## TASK TO COMPLETE
Restate word for word all of the lines below, with each image left out.

## MATERIAL PROVIDED
════════════════════

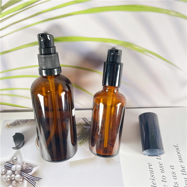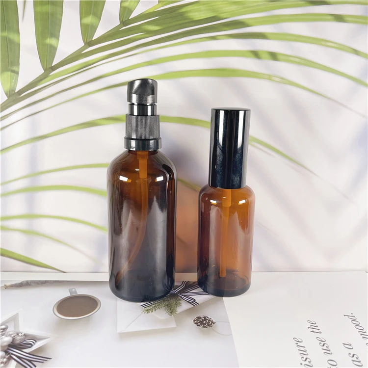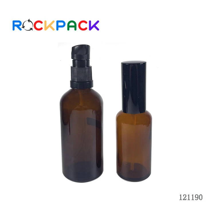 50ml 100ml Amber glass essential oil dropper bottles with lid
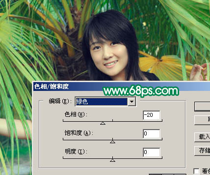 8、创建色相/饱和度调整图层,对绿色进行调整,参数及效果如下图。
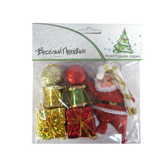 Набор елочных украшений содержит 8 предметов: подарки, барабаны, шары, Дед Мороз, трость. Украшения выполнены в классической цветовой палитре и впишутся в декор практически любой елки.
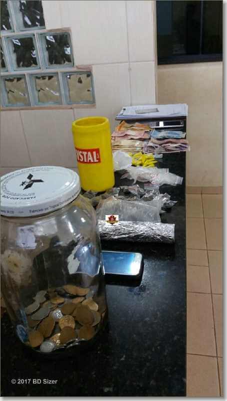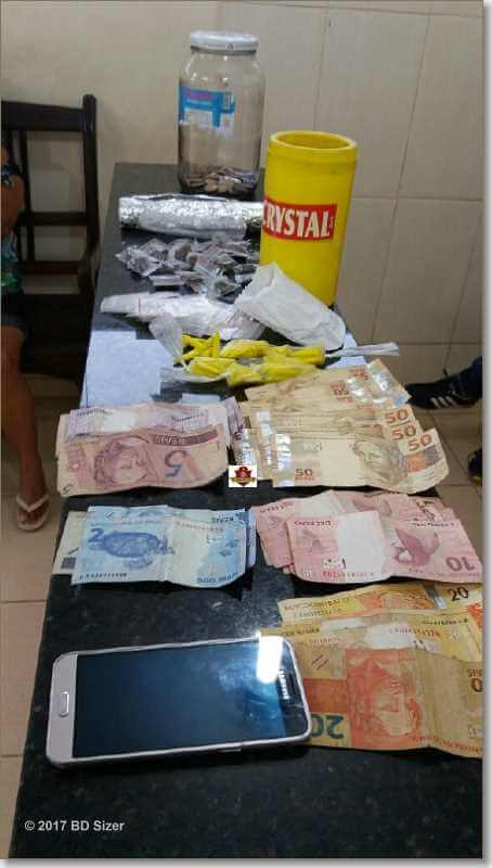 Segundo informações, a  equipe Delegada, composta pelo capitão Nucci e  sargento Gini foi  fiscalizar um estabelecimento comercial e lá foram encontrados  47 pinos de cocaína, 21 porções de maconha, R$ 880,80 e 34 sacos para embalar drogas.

════════════════════

## SOLUTION FOR THIS TASK
 50ml 100ml Amber glass essential oil dropper bottles with lid
 8、创建色相/饱和度调整图层,对绿色进行调整,参数及效果如下图。
 Набор елочных украшений содержит 8 предметов: подарки, барабаны, шары, Дед Мороз, трость. Украшения выполнены в классической цветовой палитре и впишутся в декор практически любой елки.
 Segundo informações, a  equipe Delegada, composta pelo capitão Nucci e  sargento Gini foi  fiscalizar um estabelecimento comercial e lá foram encontrados  47 pinos de cocaína, 21 porções de maconha, R$ 880,80 e 34 sacos para embalar drogas.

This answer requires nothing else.